Конкистадор после продолжительного полета завалился на густое облако, чувствуя только боль, но более – ничего. Над ним возвысился золотой колосс с факелом в руке. Капля свечного воска упала на лоб получеловеческой оболочки, она подняла глаза наверх – Солнце осуждало испанца. И, поскольку тот чувствовал ничего, то и погрузился в ничто.
Солнце гневно возвысилось над своим храмом, лучами прорезало густой туман, скопившийся на пике горы, и опалило холодом неверующих, которые несмотря на ранний час соскребали золотые плиты со стен пирамиды.
Был среди жаждущих, но не подле них, и Армандо. Идальго1, грудь которого всегда передвигалась впереди него самого. В лагере шутили, мол он носит запасную кирасу под ребрами, а рыцарь уточнял, что и не одну. В средних своих годах мужчина бросил наемничью жизнь, остепенился в некоим роде, чтобы стать конкистадором. В Новом Свете кровь и порох казались ему более ароматными. К тому же, платили гораздо приличнее, а теперь, когда Куско2 пал, все достойные получат землю, о чем третий сын мелкого дворянина не мог и мечтать в Старом Свете.
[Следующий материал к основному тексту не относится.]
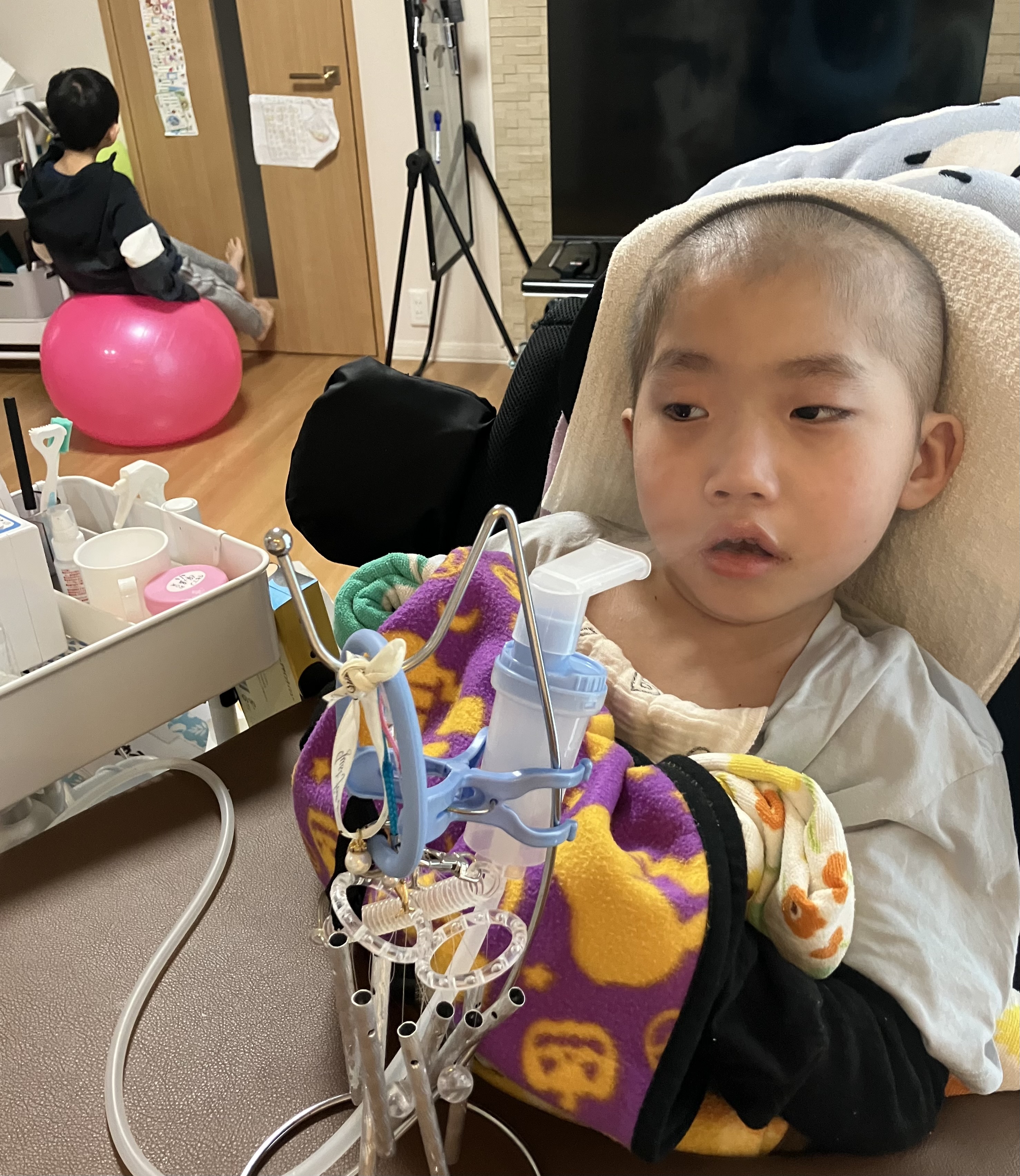 ~10歳長男🐻(小4)~昨日は、落ち着いたり泣いたりと感情がコロコロ変化しやすかった長男🐻熱もなく、夜間の嫌なムセ込みもなくて、体調的には良くなってきているなという印象です😊良かった😌吸入しながらリハビリをしたり、ルート等を管理しながらうつ伏せ練習をしたりと、一人では厳しくて無理なことでもリハビリの方と協力しながら痰を出すようにアプローチできるので、大変ありがたいです🥺そしてやっぱりリハビリ中の方が痰もしっかり出る👍うつ伏せ練習も昨日はちょっと機嫌が悪くて、泣きながらですが頑張ってた長男🐻でした💪お疲れ様でした😌土曜日と日曜日はリハビリもお休みなので、ママと頑張ろー💪
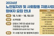 경기호연뉴스 민선기 기자 | 안양시가 1일부터 12일까지 건강하고 활기찬 노후를 위한 ‘2026년 노인일자리 및 사회활동 지원사업’의 참여자 4,998명을 모집한다. 참여자 규모는 유형별로 ▲노인공익활동 3,155명 ▲노인역량활용 1,106명 ▲공동체사업단 574명 ▲취업지원 163명 등이다. 노인일자리사업의 수행기관은 ▲안양시노인종합복지관 ▲비산노인종합복지관 ▲안양시니어클럽 ▲만안·동안노인지회 ▲경기실버포럼 ▲(사)위니버스 ▲시니어복지사회적협동조합 ▲만안구청 ▲동안구청 등 10곳이며, 참여자는 수행기관에서 추진하는 다양한 일자리·사회활동에 참여하게 된다. 신청 자격은 공고일(11월 27일) 기준 안양시에 주민등록이 되어 있는 어르신이다. 세부 기준은 ▲노인공익활동은 65세 이상 기초연금·직역연금 수급자(배우자 포함) ▲노인역량활용은 65세 이상(일부 유형은 60세 이상) ▲공동체사업·취업지원은 60세 이상이다. 다만, 생계급여 수급자(취업지원 제외), 건강보험 직장가입자, 장기요양등급자 등 일부 대상자는 신청이 제한된다. 희망자는 신분증과 주민등록등본 등을 지참하고 해당 수행기관 또는

Холодок пробежал по белой коже. Армандо поежился. Столь счастливое утро омрачала поистине трагичная новость – друг скончался. И расстались они на прискорбной ноте, полной злословия, упреков и непонимания.
Идальго потрепал шелковистую гриву коня и проехал по пустой улице с красными пятнами на каменных дорогах. Тишину изредка прорубал плачь, эхом разбиваясь о кладку диких зданий. Где-то здесь должен был быть особенный в своей простоте дом, истинно – как говорил его покойный друг – верующий. Со скромной соломенной крышей, с приоткрытыми всегда дверями, готовыми принять гостя, с бадьей чистой воды, которую мог испить путник. А определить, что этот дом – тот самый среди сотен подобных, можно было по каким-то веревкам над косяком.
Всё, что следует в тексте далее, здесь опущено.